START THE INPUT

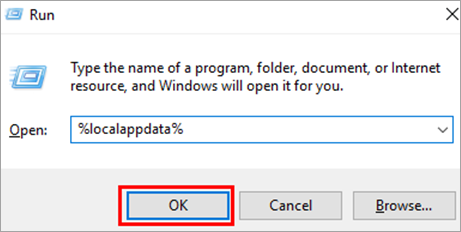 c) Press “Windows + R” from the keyboard and a dialog box will open. Now, type “%localappdata%” as shown in the image below and click on “OK”.
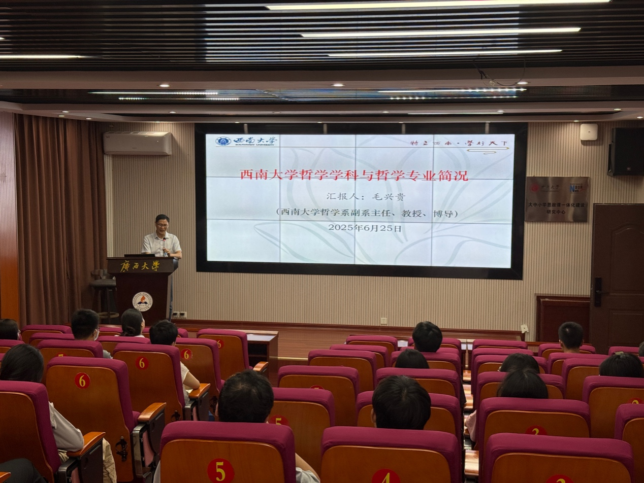2025年6月25日,西南大学国家治理学院哲学系副主任毛兴贵教授来外围买球app官网开展哲学学科建设交流座谈会和研究生招生宣讲会。
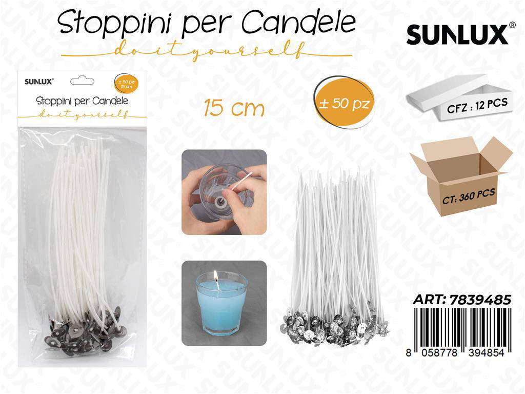 Accendi la tua creatività con i Sunlux Stoppini per Candele, confezione da 50 pezzi da 15 cm cadauno. Realizzati per garantire una combustione stabile, sono ideali per candele fai-da-te, artigianali e decorative. La lunghezza di 15 cm consente versatilità su vasetti, stampi e contenitori di diverse altezze. Compatibili con cera di soia, paraffina, cera d api e blend misti. Perfetti per hobbisti, artigiani e per chi desidera risultati professionali a casa.
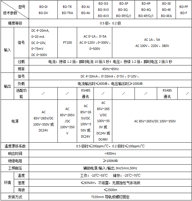 三相四線,測量電流、有功功率、無功功率,隔離變送輸出模擬信號(hào) |
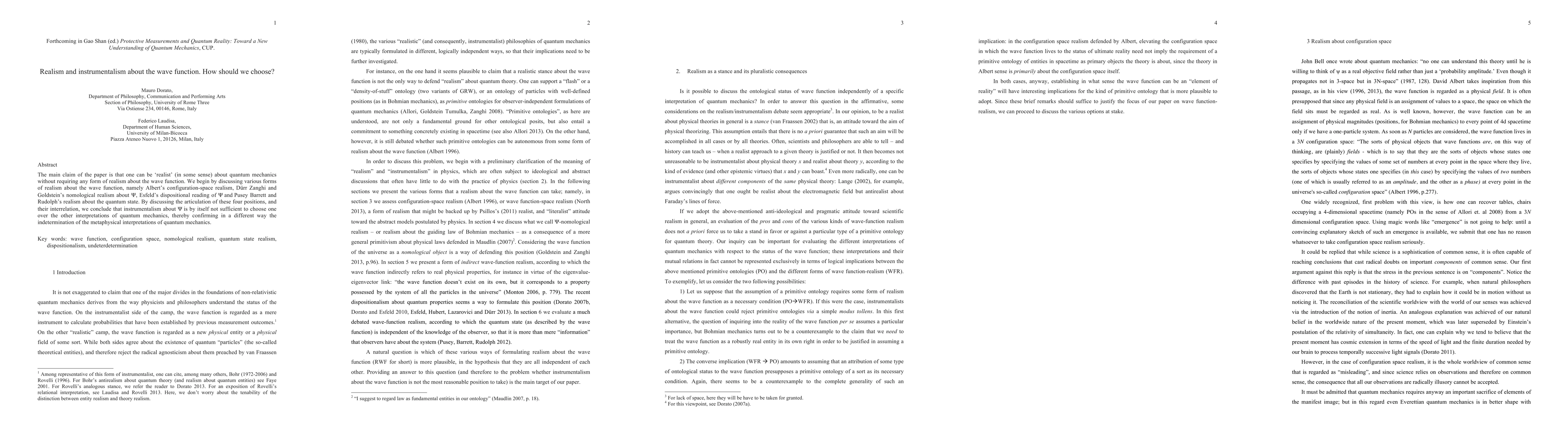 The main claim of the paper is that one can be 'realist' (in some sense) about quantum mechanics without requiring any form of realism about the wave function. We begin by discussing various forms of realism about the wave function, namely Albert's configuration-space realism, Duerr Zanghi and Goldstein's nomological realism about the wave function, Esfeld's dispositional reading of the wave function and Pusey Barrett and Rudolph's realism about the quantum state. By discussing the articulation of these four positions, and their interrelation, we conclude that instrumentalism about the wave function is by itself not sufficient to choose one over the other interpretations of quantum mechanics, thereby confirming in a different way the indetermination of the metaphysical interpretations of quantum mechanics.

END THE INPUT

*WHAT THE EXERCISE ASKS*
Above are records with pictures; repeat them exactly, but without the pictures.

*OUTPUT OF THE EXERCISE*
 c) Press “Windows + R” from the keyboard and a dialog box will open. Now, type “%localappdata%” as shown in the image below and click on “OK”.
2025年6月25日,西南大学国家治理学院哲学系副主任毛兴贵教授来外围买球app官网开展哲学学科建设交流座谈会和研究生招生宣讲会。
 Accendi la tua creatività con i Sunlux Stoppini per Candele, confezione da 50 pezzi da 15 cm cadauno. Realizzati per garantire una combustione stabile, sono ideali per candele fai-da-te, artigianali e decorative. La lunghezza di 15 cm consente versatilità su vasetti, stampi e contenitori di diverse altezze. Compatibili con cera di soia, paraffina, cera d api e blend misti. Perfetti per hobbisti, artigiani e per chi desidera risultati professionali a casa.
 三相四線,測量電流、有功功率、無功功率,隔離變送輸出模擬信號(hào) |
 The main claim of the paper is that one can be 'realist' (in some sense) about quantum mechanics without requiring any form of realism about the wave function. We begin by discussing various forms of realism about the wave function, namely Albert's configuration-space realism, Duerr Zanghi and Goldstein's nomological realism about the wave function, Esfeld's dispositional reading of the wave function and Pusey Barrett and Rudolph's realism about the quantum state. By discussing the articulation of these four positions, and their interrelation, we conclude that instrumentalism about the wave function is by itself not sufficient to choose one over the other interpretations of quantum mechanics, thereby confirming in a different way the indetermination of the metaphysical interpretations of quantum mechanics.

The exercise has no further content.